Brenzlig werde es auch, wenn Neuanschaffungen anstünden, um defekte Haushaltsgeräte zu ersetzen oder reparieren zu lassen. „Ging vor der Einführung von Arbeitslosengeld II ein Herd kaputt, konnte man einen gesonderten Antrag stellen, um einen pauschalen Satz für die Reparatur bzw. einen neuen Herd zu bekommen oder einen Gutschein fürs Sozialkaufhaus. Heute soll der Betrag über Jahre hinweg angespart werden. Das ist völlig unrealistisch.“

Auch in puncto Mobiltät sei der Satz zu gering bemessen. Man habe zwar eingesehen, dass ein Auto kein Luxus sei, sondern Sinn mache, um etwa Bewerbungstermine wahrnehmen, Einkaufe zu tätigen und sozial teilhaben zu können. Denn gerade in ländlichen Gegenden sei der Nahverkehr teils nicht genügend ausgebaut und oftmals zu teuer, da der Ruf nach Sozialtickets vielerorts ungehört bleibe. Allerdings sei es mit den Hartz IV-Bezügen nicht machbar, für eine Kfz-Reparatur aufzukommen.
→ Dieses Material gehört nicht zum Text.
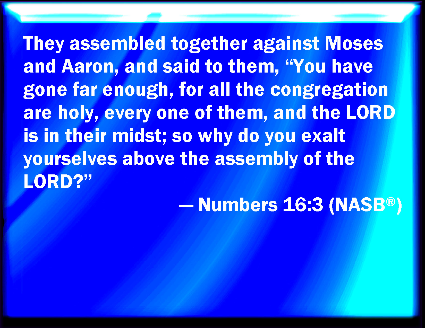 Bible Verse Slide Numbers 16:3 And they gathered themselves together against Moses and against Aaron, and said to them, You take too much on you, seeing all the congregation are holy, every one of them, and the LORD is among them: why then lift you up yourselves above the congregation of the LORD? KJV: And they gathered themselves together against Moses and against Aaron, and said unto them, Ye take too much upon you, seeing all the congregation are holy, every one of them, and the LORD is among them: wherefore then lift ye up yourselves above the congregation of the LORD? DRB: And when they had stood up against Moses and Aaron, they said: Let it be enough for you, that all the multitude consisteth of holy ones, and the Lord is among them: Why lift you up yourselves above the people of the Lord? DBT: and they gathered themselves together against Moses and against Aaron, and said to them, It is enough; for all the assembly, all of them are holy, and Jehovah is among them; and why do ye lift up yourselves above the congregation of Jehovah? ERV: and they assembled themselves together against Moses and against Aaron, and said unto them, Ye take too much upon you, seeing all the congregation are holy, every one of them, and the LORD is among them: wherefore then lift ye up yourselves above the assembly of the LORD? WBT: And they assembled themselves against Moses and against Aaron, and said to them, Ye take too much upon you, seeing all the congregation are holy, every one of them, and the LORD is among them: why then do ye raise yourselves above the congregation of the LORD? WEB: and they assembled themselves together against Moses and against Aaron, and said to them, "You take too much on yourself, since all the congregation are holy, everyone of them, and Yahweh is among them: why then lift yourselves up above the assembly of Yahweh?" YLT: and they are assembled against Moses and against Aaron, and say unto them, 'Enough of you! for all the company — all of them are holy, and in their midst is Jehovah; and wherefore do ye lift yourselves up above the assembly of Jehovah?'Links Numbers 16:3 NIV • Numbers 16:3 NLT • Numbers 16:3 ESV • Numbers 16:3 NASB • Numbers 16:3 KJV • Numbers 16:3 Interlinear • Numbers 16:3 Commentaries • Numbers 16:3 Parallel Texts • Numbers 16:3 Bible Apps • Numbers 16:3 Parallel • Bible Hub |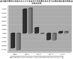 基金管理人:嘉实基金管理有限公司 基金托管人:中国银行股份有限公司 送出日期:2013年3月28日 §1 重要提示 基金管理人的董事会、董事保证本报告所载资料不存在虚假记载、误导性陈述或重大遗漏,并对其内容的真实性、准确性和完整性承担个别及连带的法律责任。本年度报告已经全部独立董事签字同意,并由董事长签发。 基金托管人中国银行股份有限公司根据本基金合同规定,于2013年3月22日复核了本报告中的财务指标、净值表现、利润分配情况、财务会计报告、投资组合报告等内容,保证复核内容不存在虚假记载、误导性陈述或者重大遗漏。 基金管理人承诺以诚实信用、勤勉尽责的原则管理和运用基金资产,但不保证基金一定盈利。 基金的过往业绩并不代表其未来表现。投资有风险,投资者在作出投资决策前应仔细阅读本基金的招募说明书及其更新。 本报告期自2012年1月1日起至2012年12月31日止。 本年度报告摘要摘自年度报告正文,投资者欲了解详细内容,应阅读年度报告正文。 §2 基金简介 2.1 基金基本情况 ■ 2.2 基金产品说明 ■ 2.3 基金管理人和基金托管人 ■ 2.4 信息披露方式 ■ §3 主要财务指标、基金净值表现及利润分配情况 3.1 主要会计数据和财务指标 金额单位:人民币元 ■ 注:(1)本期已实现收益指基金本期利息收入、投资收益、其他收入(不含公允价值变动收益)扣除相关费用后的余额,本期利润为本期已实现收益加上本期公允价值变动收益;(2)所述基金业绩指标不包括持有人认购或交易基金的各项费用,计入费用后实际收益水平要低于所列数字;(3)期末可供分配利润采用期末资产负债表中未分配利润与未分配利润中已实现部分的孰低数。 3.2 基金净值表现 3.2.1 基金份额净值增长率及其与同期业绩比较基准收益率的比较 ■ 注:本基金业绩比较基准为:中信综合指数×80%+中信国债指数×20%。 本基金的业绩基准指数按照构建公式每交易日进行计算,计算方式如下: Benchmark(0)=1000 Return(t)=80%×(中信综合指数(t)/中信综合指数(t-1) -1)+20%×(中信国债指数 (t)/中信国债指数 (t-1) -1) Benchmark(t)=(1+Return (t))×Benchmark (t-1) 其中t=1,2,3,…。 3.2.2 自基金合同生效以来基金份额累计净值增长率变动及其与同期业绩比较基准收益率变动的比较 ■ 图:嘉实服务增值行业混合份额累计净值增长率与同期业绩比较基准收益率的历史走势对比图 (2004年4月1日至2012年12月31日) 注:按基金合同规定,本基金自基金合同生效日起6个月内为建仓期。建仓结束时本基金的各项投资比例符合基金合同第十八条((二)投资范围和(六)投资组合比例限制)的约定:(1)在正常市场情况下,本基金资产配置的比例范围:股票资产25%-95%;债券资产0%-70%;现金或到期日在一年以内的政府债券不低于基金资产净值的5%。其中,基金投资于服务业股票的比例不低于基金股票资产的80%。(2)持有一家公司的股票,不得超过基金资产净值的10%。(3)本基金与由本基金管理人管理的其他基金持有一家公司发行的证券,不得超过该证券的10%。(4)法律法规规定的其他限制。 3.2.3 过去五年基金每年净值增长率及其与同期业绩比较基准收益率的比较 ■ 3.3 过去三年基金的利润分配情况 单位:人民币元 ■ §4 管理人报告 4.1 基金管理人及基金经理情况 4.1.1 基金管理人及其管理基金的经验 本基金管理人为嘉实基金管理有限公司,成立于1999年3月25日,是经中国证监会批准设立的第一批基金管理公司之一,是中外合资基金管理公司。公司注册地在上海,总部设在北京并设深圳、成都、杭州、青岛、南京、福州、广州分公司。公司获得首批全国社保基金、企业年金投资管理人和QDII、特定资产管理业务资格。 截止2012年12月31日,基金管理人共管理2只封闭式证券投资基金、37只开放式证券投资基金,具体包括嘉实泰和封闭、嘉实丰和价值封闭、嘉实成长收益混合、嘉实增长混合、嘉实稳健混合、嘉实债券、嘉实服务增值行业混合、嘉实优质企业股票、嘉实货币、嘉实沪深300ETF联接(LOF)、嘉实超短债债券、嘉实主题混合、嘉实策略混合、嘉实海外中国股票(QDII)、嘉实研究精选股票、嘉实多元债券、嘉实量化阿尔法股票、嘉实回报混合、嘉实基本面50指数(LOF)、嘉实价值优势股票、嘉实稳固收益债券、嘉实H股指数(QDII-LOF)、嘉实主题新动力股票、嘉实多利分级债券、嘉实领先成长股票、嘉实深证基本面120ETF、嘉实深证基本面120ETF联接、嘉实黄金(QDII-FOF-LOF)、嘉实信用债券、嘉实周期优选股票、嘉实安心货币、嘉实中创400ETF、嘉实中创400ETF联接、嘉实沪深300ETF、嘉实优化红利股票、嘉实全球房地产(QDII)、嘉实理财宝7天债券、嘉实增强收益定期债券、嘉实纯债债券。其中嘉实增长混合、嘉实稳健混合、嘉实债券属于嘉实理财通系列基金,同时,管理多个全国社保基金、企业年金、特定客户资产投资组合。 4.1.2 基金经理(或基金经理小组)及基金经理助理简介 ■ 注:(1)任职日期、离任日期是指公司作出决定后公告之日;(2)证券从业的含义遵从行业协会《证券业从业人员资格管理办法》的相关规定。 4.2 管理人对报告期内本基金运作遵规守信情况的说明 报告期内,本基金管理人严格遵循了《证券法》、《证券投资基金法》及其各项配套法规、《嘉实服务增值行业证券投资基金基金合同》和其他相关法律法规的规定,本着诚

„Ein großes Thema ist ebenfalls der digitale Bereich. Ein Internetzugang, entsprechende digitale Endgeräte und Drucker gehören heute eigentlich in jeden Haushalt. Aber das ist ein Riesenproblem und scheitert manchmal schon am Internetanschluss, weil es eventuell einen Schufa-Eintrag gibt oder die Vertragskosten zu hoch sind.“ Wie wichtig eine IT-Ausstattung ist, habe sich gezeigt als die Corona-Krise im Frühjahr Homeschooling nötig gemacht hat. In Familien, die sich die technischen Voraussetzungen nicht leisten können, bedeute das für die Kinder oftmals eine massive Benachteiligung bezüglich ihrer Lern-, Bildungs- und Entwicklungsmöglichkeiten. „Es ist höchste Zeit, dass die Politik in dieser Hinsicht aktiv wird und für Chancengleichheit sorgt. Denn das Thema Digitalisierung wird uns weiter begleiten und hat obendrein etwas mit politischer Bildung zu tun.“

Grundsätzlich sei eine drastischere Anhebung der Regelsätze nötig, um die Situation Betroffener nicht weiter zu verschärfen und ihnen ein gewisses Maß an sozialer Teilhabe zu gewähren. „Mit den derzeitigen Sätzen ist es nahezu unmöglich, mit der Familie mal ins Kino, Museum oder zu einem Konzert zu gehen“, verweist Gambino auf eine weitere Komponente. Gerade in Zeiten von Corona seien die finanziellen Mittel knapper denn je. Allerdings habe die Pandemie trotz all ihrer Folgen auch eine positive Seite. „Die Stigmatisierung von Hartz IV-Beziehern ist ein Stück weit zurückgegangen. Denn so mancher merkt, wie schnell es auch ohne eigenes Verschulden finanziell bergab gehen kann.“ Das erfahren die 21 Sozial- und Lebensberatungsstellen des Diakonischen Werks Pfalz, die ihre Klient*innen nun wieder in persönlicher Beratung, aber in entzerrten Terminen und unter Einhaltung strenger Hygienemaßnahmen, unterstützen.